_Aim of the exercise:_
Print the data below exactly, but only the lines from the one containing "A watercolor-style painting" down to the one containing "Piercing da ombelico", inclusive.

_Source data:_

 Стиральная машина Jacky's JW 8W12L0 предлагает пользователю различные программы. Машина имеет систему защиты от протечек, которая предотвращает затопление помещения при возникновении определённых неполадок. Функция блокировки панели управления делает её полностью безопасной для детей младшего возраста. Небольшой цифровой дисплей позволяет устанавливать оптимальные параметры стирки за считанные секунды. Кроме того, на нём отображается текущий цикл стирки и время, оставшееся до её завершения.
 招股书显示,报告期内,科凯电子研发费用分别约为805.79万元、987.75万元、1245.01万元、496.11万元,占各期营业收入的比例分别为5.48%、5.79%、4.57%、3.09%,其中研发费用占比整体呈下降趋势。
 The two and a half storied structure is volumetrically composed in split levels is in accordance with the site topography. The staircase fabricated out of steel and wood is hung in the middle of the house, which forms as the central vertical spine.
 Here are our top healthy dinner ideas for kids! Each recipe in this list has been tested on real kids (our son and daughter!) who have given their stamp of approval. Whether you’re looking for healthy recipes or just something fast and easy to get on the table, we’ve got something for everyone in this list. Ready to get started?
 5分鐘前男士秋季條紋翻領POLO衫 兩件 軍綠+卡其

--

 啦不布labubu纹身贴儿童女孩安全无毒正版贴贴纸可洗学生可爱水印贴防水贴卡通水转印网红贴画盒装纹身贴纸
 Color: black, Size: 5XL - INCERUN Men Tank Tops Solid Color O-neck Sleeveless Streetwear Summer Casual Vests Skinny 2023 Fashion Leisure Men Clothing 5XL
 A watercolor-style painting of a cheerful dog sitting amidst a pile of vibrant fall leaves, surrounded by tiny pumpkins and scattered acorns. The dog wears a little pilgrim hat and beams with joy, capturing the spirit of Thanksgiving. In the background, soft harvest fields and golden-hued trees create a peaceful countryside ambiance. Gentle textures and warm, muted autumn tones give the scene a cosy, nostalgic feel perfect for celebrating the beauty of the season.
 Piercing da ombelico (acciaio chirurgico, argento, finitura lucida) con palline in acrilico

...

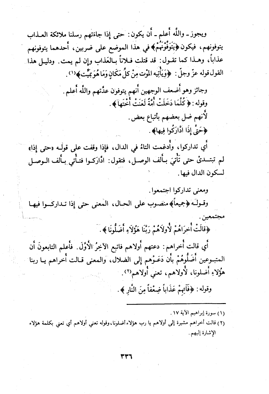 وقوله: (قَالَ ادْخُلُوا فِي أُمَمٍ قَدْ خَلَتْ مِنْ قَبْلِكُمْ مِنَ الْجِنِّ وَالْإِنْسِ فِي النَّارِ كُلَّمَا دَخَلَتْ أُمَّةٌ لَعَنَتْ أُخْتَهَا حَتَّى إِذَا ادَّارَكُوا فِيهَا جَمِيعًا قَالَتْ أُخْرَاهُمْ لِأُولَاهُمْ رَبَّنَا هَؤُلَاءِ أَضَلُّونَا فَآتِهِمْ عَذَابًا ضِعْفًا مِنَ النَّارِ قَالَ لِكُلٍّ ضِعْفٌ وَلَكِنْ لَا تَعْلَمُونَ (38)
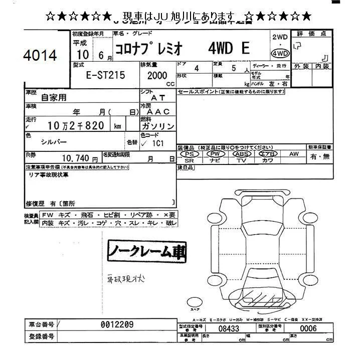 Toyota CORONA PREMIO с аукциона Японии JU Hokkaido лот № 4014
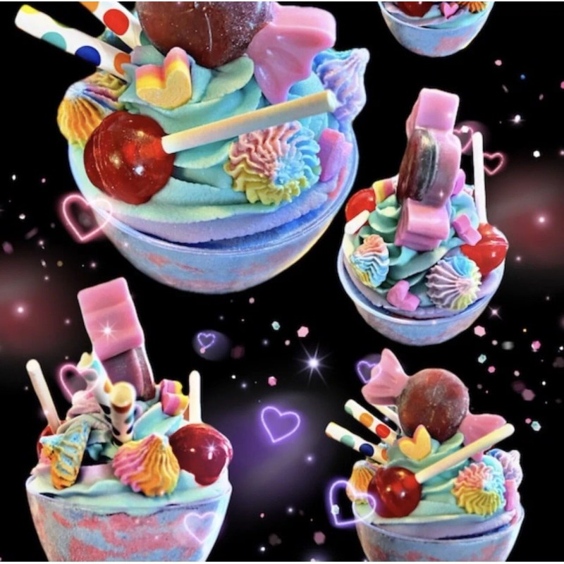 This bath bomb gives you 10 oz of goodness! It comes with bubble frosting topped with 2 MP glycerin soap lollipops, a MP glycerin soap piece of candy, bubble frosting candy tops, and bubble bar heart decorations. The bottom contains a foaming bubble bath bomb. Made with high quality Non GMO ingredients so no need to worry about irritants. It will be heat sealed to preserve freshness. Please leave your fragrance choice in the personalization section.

_Completed task:_
 A watercolor-style painting of a cheerful dog sitting amidst a pile of vibrant fall leaves, surrounded by tiny pumpkins and scattered acorns. The dog wears a little pilgrim hat and beams with joy, capturing the spirit of Thanksgiving. In the background, soft harvest fields and golden-hued trees create a peaceful countryside ambiance. Gentle textures and warm, muted autumn tones give the scene a cosy, nostalgic feel perfect for celebrating the beauty of the season.
 Piercing da ombelico (acciaio chirurgico, argento, finitura lucida) con palline in acrilico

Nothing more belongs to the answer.